Description: Well-known problems trouble coupled general circulation models of the eastern Atlantic and Pacific Ocean basins. Model climates are significantly more symmetric about the equator than is observed. Model sea surface temperatures are biased warm south and southeast of the equator, and the atmosphere is too rainy within a band south of the equator. Near-coastal eastern equatorial SSTs are too warm, producing a zonal SST gradient in the Atlantic opposite in sign to that observed. The U.S. Climate Variability and Predictability Program (CLIVAR) Eastern Tropical Ocean Synthesis Working Group (WG) has pursued an updated assessment of coupled model SST biases, focusing on the surface energy balance components, on regional error sources from clouds, deep convection, winds, and ocean eddies; on the sensitivity to model resolution; and on remote impacts.

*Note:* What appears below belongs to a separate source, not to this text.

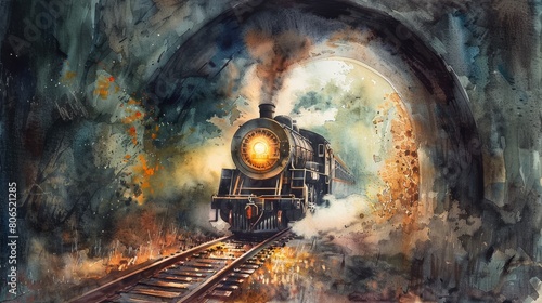 Naklejka premium Gentle watercolor of a steam train emerging from a tunnel, the headlight...
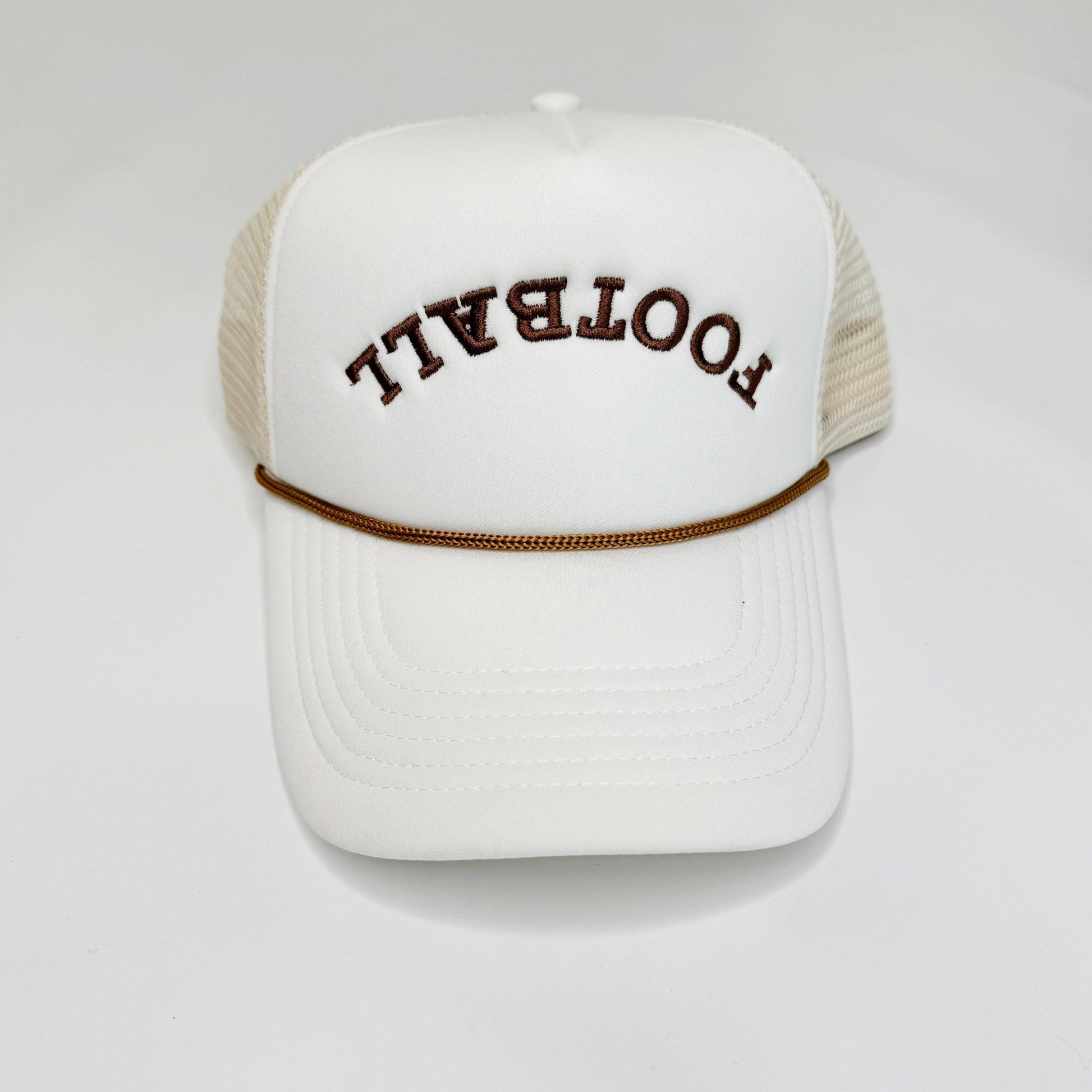 Poppy & Pine Ivory Trucker hat embroidered with brown thread

Motivated by the assessment, the WG makes the following recommendations: 1) encourage identification of the specific parameterizations contributing to the biases in individual models, as these can be model dependent; 2) restrict multimodel intercomparisons to specific processes; 3) encourage development of high-resolution coupled models with a concurrent emphasis on parameterization development of finer-scale ocean and atmosphere features, including low clouds; 4) encourage further availability of all surface flux components from buoys, for longer continuous time periods, in persistently cloudy regions; and 5) focus on the eastern basin coastal oceanic upwelling regions, where further opportunities for observational–modeling synergism exist.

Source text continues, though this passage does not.